Wherever a picture appears in the data below, omit it, and restate everything else word for word.

DATA EXTRACT

+ + + + + + +

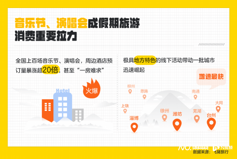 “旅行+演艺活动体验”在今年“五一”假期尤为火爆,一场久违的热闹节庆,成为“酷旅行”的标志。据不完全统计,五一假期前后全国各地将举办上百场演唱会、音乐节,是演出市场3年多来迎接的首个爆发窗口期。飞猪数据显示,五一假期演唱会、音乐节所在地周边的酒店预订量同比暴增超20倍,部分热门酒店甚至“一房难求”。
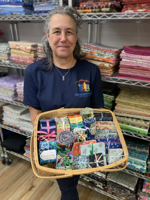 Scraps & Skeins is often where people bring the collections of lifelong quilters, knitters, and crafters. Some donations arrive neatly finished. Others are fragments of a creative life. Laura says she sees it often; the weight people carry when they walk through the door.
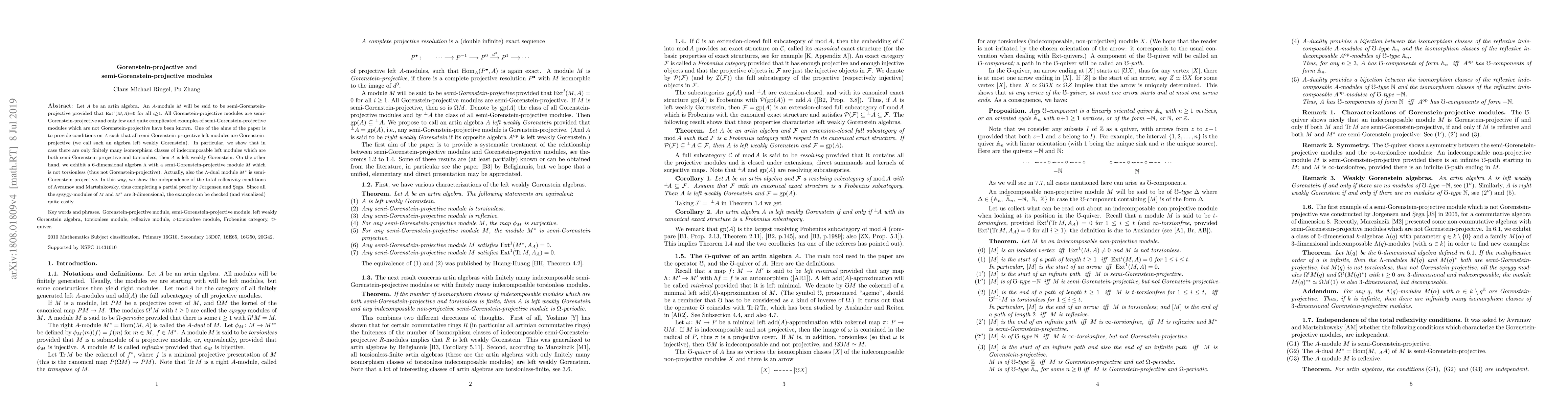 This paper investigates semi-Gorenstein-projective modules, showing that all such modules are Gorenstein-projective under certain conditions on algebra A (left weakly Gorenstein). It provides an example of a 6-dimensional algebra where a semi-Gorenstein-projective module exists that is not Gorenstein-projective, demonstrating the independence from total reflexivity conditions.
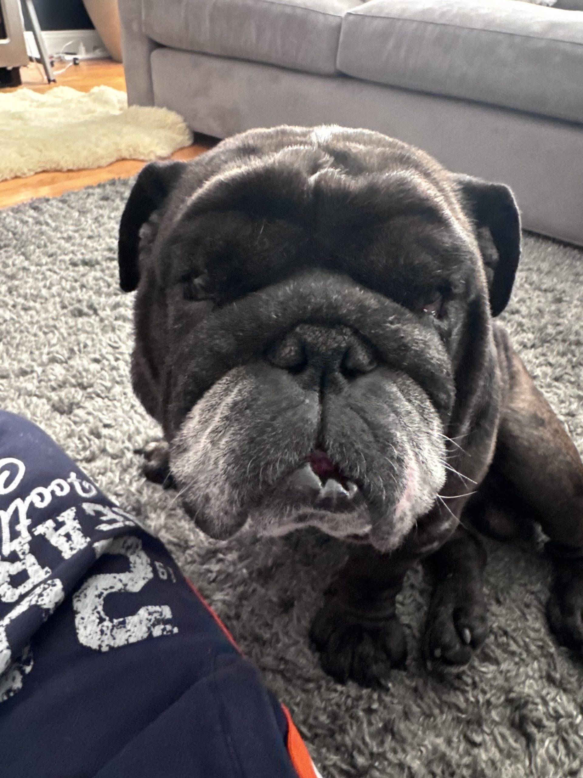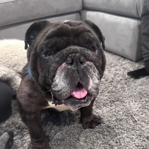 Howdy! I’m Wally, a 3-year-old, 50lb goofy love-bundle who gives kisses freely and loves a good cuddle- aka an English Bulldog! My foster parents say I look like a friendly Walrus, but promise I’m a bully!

+ + + + + + +

RESPONSE AREA
 “旅行+演艺活动体验”在今年“五一”假期尤为火爆,一场久违的热闹节庆,成为“酷旅行”的标志。据不完全统计,五一假期前后全国各地将举办上百场演唱会、音乐节,是演出市场3年多来迎接的首个爆发窗口期。飞猪数据显示,五一假期演唱会、音乐节所在地周边的酒店预订量同比暴增超20倍,部分热门酒店甚至“一房难求”。
 Scraps & Skeins is often where people bring the collections of lifelong quilters, knitters, and crafters. Some donations arrive neatly finished. Others are fragments of a creative life. Laura says she sees it often; the weight people carry when they walk through the door.
 This paper investigates semi-Gorenstein-projective modules, showing that all such modules are Gorenstein-projective under certain conditions on algebra A (left weakly Gorenstein). It provides an example of a 6-dimensional algebra where a semi-Gorenstein-projective module exists that is not Gorenstein-projective, demonstrating the independence from total reflexivity conditions.
 Howdy! I’m Wally, a 3-year-old, 50lb goofy love-bundle who gives kisses freely and loves a good cuddle- aka an English Bulldog! My foster parents say I look like a friendly Walrus, but promise I’m a bully!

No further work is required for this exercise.